Von Brasilien nach Argentinien

Passt das unten durch?

Zarate, 14.11.2017, 19.25 Uhr: Was für ein ereignisreicher Tag heute! Morgens erwachten wir bei schönstem Wetter. Wind und Wellen hatten auch wieder ein normales Ausmass angenommen. Nach dem Frühstück ging’s auf die Brücke und wir schauten einmal mehr aufs blaue, unendlich scheinende Meer. Drei Stunden später war es dann braun! Ein sicheres Zeichen, dass wir in der riesigen Bucht des Rio de la Plata waren, an dem sowohl Montevideo, die Hauptstadt Uruguays, als auch Buenos Aires, die Hauptstadt Argentiniens liegen. Nochmals zwei Stunden später tauchte dann die Silhouette von Buenos Aires auf. Auch hier waren es, nebst den Hafenanlagen, vor allem die Hochhäuser, die uns in die Augen stachen. Für mehr als eine Stunde schipperten wir an dieser Kulisse vorbei. Die Abzweigung in den Hafen der Stadt liessen wir auf der Backbordseite liegen und folgten den Bojen, die den Seeweg nach Zarate markierten.

Und dann sichteten wir die Einfahrt in den Rio Parana, der uns nach Zarate führen sollte, das gute hundert Kilometer, oder fünf Stunden Fahrt, entfernt liegt. Ein schmaler Kanal, der nur zwei Meter tiefer als unser Kiel ist, führte uns durch eine wunderschöne Sumpflandschaft, die uns an Estero del Ibero, ein Schwemmland in der Provinz Entre Rios, erinnerte. Oder auch an Botswana. (Bei solchen Vergleichen erinnere ich mich immer gerne daran, was wir in unserem Leben bereits alles zu sehen bekamen!) Von fast 40 Metern Höhe schauten wir auf eine einzigartige Landschaft. Auf beiden Seiten kleine Flüsse oder Lagunen, an denen Reiher Ausschau nach Beute hielten.
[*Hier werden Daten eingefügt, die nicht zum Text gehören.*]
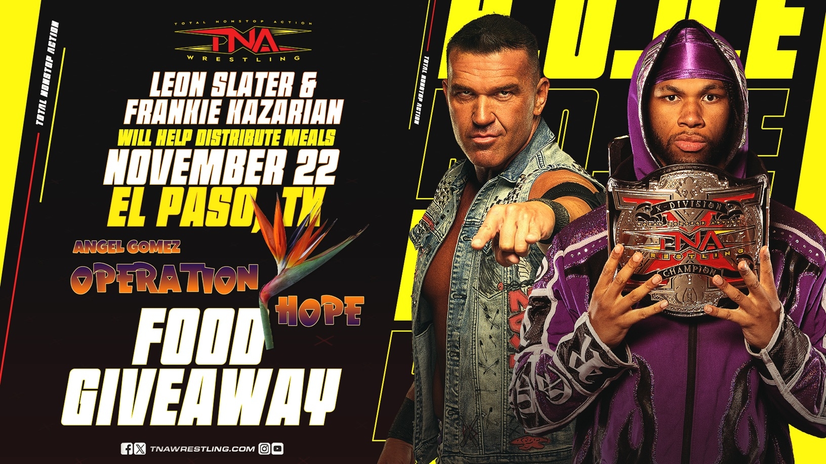 On Saturday morning, November 22, in El Paso, former TNA International Champion Frankie Kazarian and reigning TNA X Division Champion Leon Slater will join volunteers from Operation H.O.P.E. for their 30th annual Thanksgiving Food Giveaway to area families in need.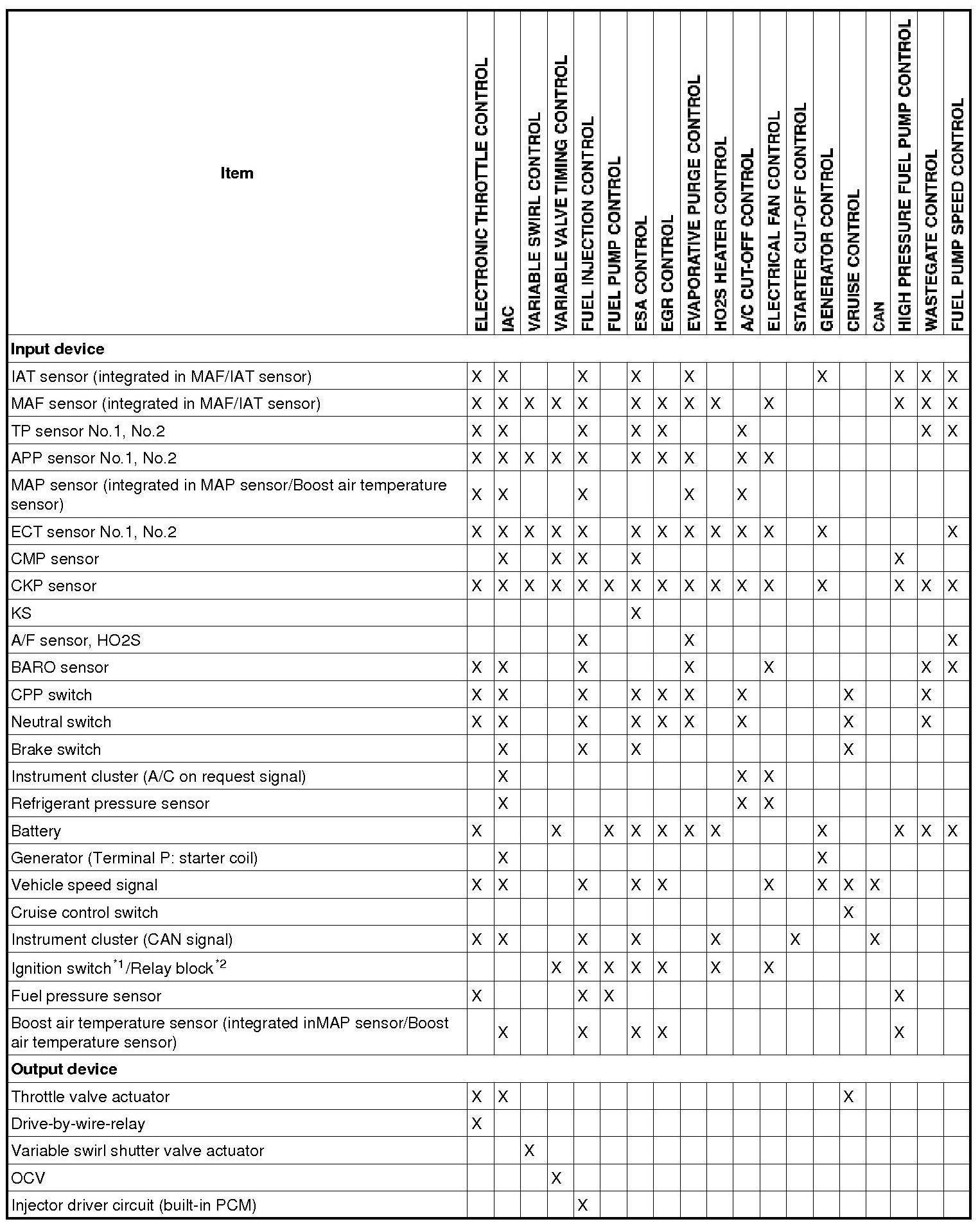 Control System Device And Control Relationship Chart

Dann wieder kleine Bretterbuden auf Stelzen – Weekendhäuschen von reichen und weniger reichen Argentiniern. Die Reichen, das sagte uns der Lotse, wohnen auf der rechten Flussseite und die Armen (darunter zählte er auch sich selbst) auf der linken.
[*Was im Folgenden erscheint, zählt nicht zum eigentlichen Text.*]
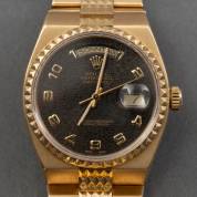 18kt gouden herenpolshorloge, Rolex, Oysterquartz Day-Date 'Pyramid', met zwarte wijzerplaat en goudkleurige Arabische cijfers, aan 18kt gouden geïntegreerde 'Clous de Paris' band, referentienummer: 19028, Rolex doos aanwezig met Rolex garantiebewijs en boekje, daarbij mapje met servicepasje en diverse papieren van juwelier met kleine reparaties of aanpassingen, circa 1986, brutogewicht: 166,8 gram, Ø 36 mm

Es war eine unvergessliche Fahrt. Es gab immer etwas zu sehen: Schöne Landschaften, gefolgt von rostenden Wracks, die im Wasser lagen. Oder im Zerfall begriffene Fabrikhallen, die von der Natur Backstein um Backstein zurückerobert werden. Am frühen Nachmittag passierten wir die Brücke, die kurz vor Zarate den Parana überspannt. Der Mast mit den Postionslichtern musste für diese Passage umgelegt werden – bis zur Unterseite der Brücke blieben noch ganze fünf Meter! Kurz darauf wurde der Lotse von einem Kollegen abgelöst, der die Grande Amburgo in den Hafen von Zarate lotste, wo wir – mit Hilfe eines Schleppers – eine 360 ° Wende machten. Dann wurde die Grande Amburgo an grosse Betonpfosten geschoben, an denen sie vertäut wurde. Leinen wurden ausgeworfen und die schweren Taue wurden über die Tampen gelegt. Eine halbe Stunde später wurden die Rampe ausgefahren. Dieses Schauspiel hatten wir bereits einige Male beobachtet und so zogen wir uns zu einem kalten Bier und einem Glas kühlen Weissweins in die Offiziersmesse zurück um auf diesen Tag, auf unsere Crew und auf Zarate anzustossen.

Zarate ist der letzte Hafen, bevor wir Montevideo anlaufen, wo wir am Freitag ankommen sollten. Das Ankunftsdatum allerdings hängt von verschiedenen Faktoren ab. Wann können wir abladen? Was müssen wir aufladen? Wann haben wir freie Fahrt durch die schmale Fahrrinne des Parana, die uns zurück in den Rio Plata führt. Wann haben wir einen Lotsen zur Verfügung? Wir lassen uns überraschen und geniessen die Tage, wie sie sich uns bieten.

Gestern haben wir den Landgang nachgeholt. Wie immer dauerte es geraume Weile bis wir die Kontrollen im Hafen hinter uns hatten und unsere Pässe inspiziert wurden. Ein Taxi brachte uns zur Plaza mayor im Zentrum der Stadt. Von dort machten wir uns zu Fuss auf um Zarate zu erkunden. Die Temperatur hier beträgt zurzeit etwas über 30° und es ist schwül. Wir suchten den Schatten wo immer wir konnten. Als Erstes ging’s auf eine Bank, Santander, wo hunderte von Leuten standen, die ihre Einzahlungen machen wollten – E-Banking ist hier noch ein Fremdwort! An einem ATM – zum Glück gibt es diese heutzutage auch in Argentinien – bezogen wir mit unserer Mastercard Bargeld. Danach suchten wir einen Laden von Claro, ein argentinischer Provider. Doch so einfach wie wir dachten, war es nicht, eine Prepaid-Karte zu erhalten.  Das Prozedere dauerte über eine Stunde. In einem nahe gelegenen Restaurant liessen wir uns einen Cortado (Milchkaffe) schmecken und prüften ob die Internet-Verbindung klappt. Nein!